As patients with CLL live longer they are experiencing a higher risk of secondary malignancy. The well known risk is of Richter's transformation in which an aggressive lymphoma supervenes. It seems that most cases are related to the immune defect that is present in CLL and that at least half are due to an inability to control the EB virus. However, it has come to light that patients who have autologous transplants have at least an 15% chance of developing MDS or AML. This is similar to what is found for patients with breast cancer and non-Hodgkin's lymphoma, and seems to be related to the chemotherapy used to induce remission or to condition the patient for the transplant. Moreover, patients treated with FCR or even plain fludarabine also have an increased risk of developing MDS or AML.
Why is it that some patients can receive this sort of chemotherapy safely and others are at risk of a second malignancy. The answer lies in the genes.
Despite the human genome having been sequenced, it is clear that everyone differs slightly from everyone else. These differences are due to polymorphisms. Some of us are blood group A, some B, some AB and some AB. We have different versions of a gene for blood groups. All differences between individuals have such an origin. Big ears, blue eyes, no ear lobes, red hair? All down to our genes. Some of these differences are due to a single amino-acid substitution in a protein. The best known is sickle cell disease. Here the substitution of a valine for a glutamic acid at position 6 in the beta chain of hemoglobin is sufficient to cause a crippling disease. However there are hundreds of similar substitutions in the hemoglobin molecule. Many of them cause no ill health whatsoever, but others cause various malfunctioning of the hemoglobin molecule.
Every other protein in the body is susceptible to the same sort of damage. I remember being astonished to discover when I was a junior doctor that the enzyme glucose-6-phosphate dehydrogenase has at least 160 different polymorphisms and that most don't cause a disease. In patients likely to develop MDS or AML after chemotherapy the polymorphisms mainly affect the enzymes concerned with DNA repair or toxin metabolism. Theoretically it should be possible to screen for these polymorphisms before administering cytotoxic drugs. We just need a little more time to be sure we fully understand all the mechanisms. I will write some moreabout the specific mechanisms as I study them, but here is something about gluthathione-S transferase:
A good example is the enzyme glutathione S-transferase (GST), which is involved in the detoxification of carcinogens such as alkylating agents and epoxides by catalyzing their conjugation to glutathione. It has been postulated that deficiency of this enzyme might be associated with a greater risk of MDS. Both GST M1 and GST T1 genes have a “null” variant allele in which the entire gene is absent. Chen et al found an odds ratio of 4.3 (95% CI, 2.5-7.4) for the GSTT1 null genotype and this was confirmed by Sasai et al who found that in individuals with the GSTT1 null genotype the odds ratio for disease risk were raised to 2.65 (95% CI 1.27-5.52) for de novo MDS, 4.62 (95% CI 1.48-14.4) in therapy related AML and 2.94 (95% CI 1.07-8.07) in AML with trilineage dysplasia.

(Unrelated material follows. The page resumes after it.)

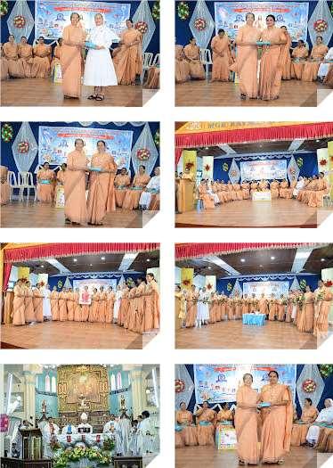 The Golden sisters were greeted followed by the Holy Mass. Sr Rose Celine,theSuperiorGeneralSrRose Celine felicitated the Jubilarians to the accompaniment of citation and music, with garlands and flowers andwithagiftasthetokenoflove. She invited them to spend more timeatthefeetofJesuslikeMaryof Bethany,andasthey movetowards Diamond years, fix their gaze in heaven, and recall what Fr Founder said “The only unchangeable, unfailing friend, companion, coworker who gives you courage, health, strength in your work is Jesus Christ, God man who is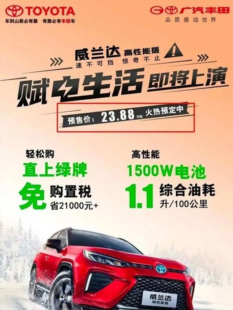 根据今日网上流传出的一份预售价海报,威兰达高性能版预售价将为23.88万元,价格并不会比普通混动版本高出太多,但是在它性能上却要强上不少。

On the other hand Davies et al found the GSTT1 null genotype similarly distributed in MDS patients as in a healthy population, but an odds ratio of 2.0 (95% CI, 1.3-3.1) for the GSTM1 null genotype in patients with AML/MDS compared with controls. Subsequently, three groups have demonstrated that the double null GSTT1/GSTM1 genotype to be overrepresented in Caucasian, Asian and Hispanic patients with primary and secondary MDS, AML and aplastic anemia.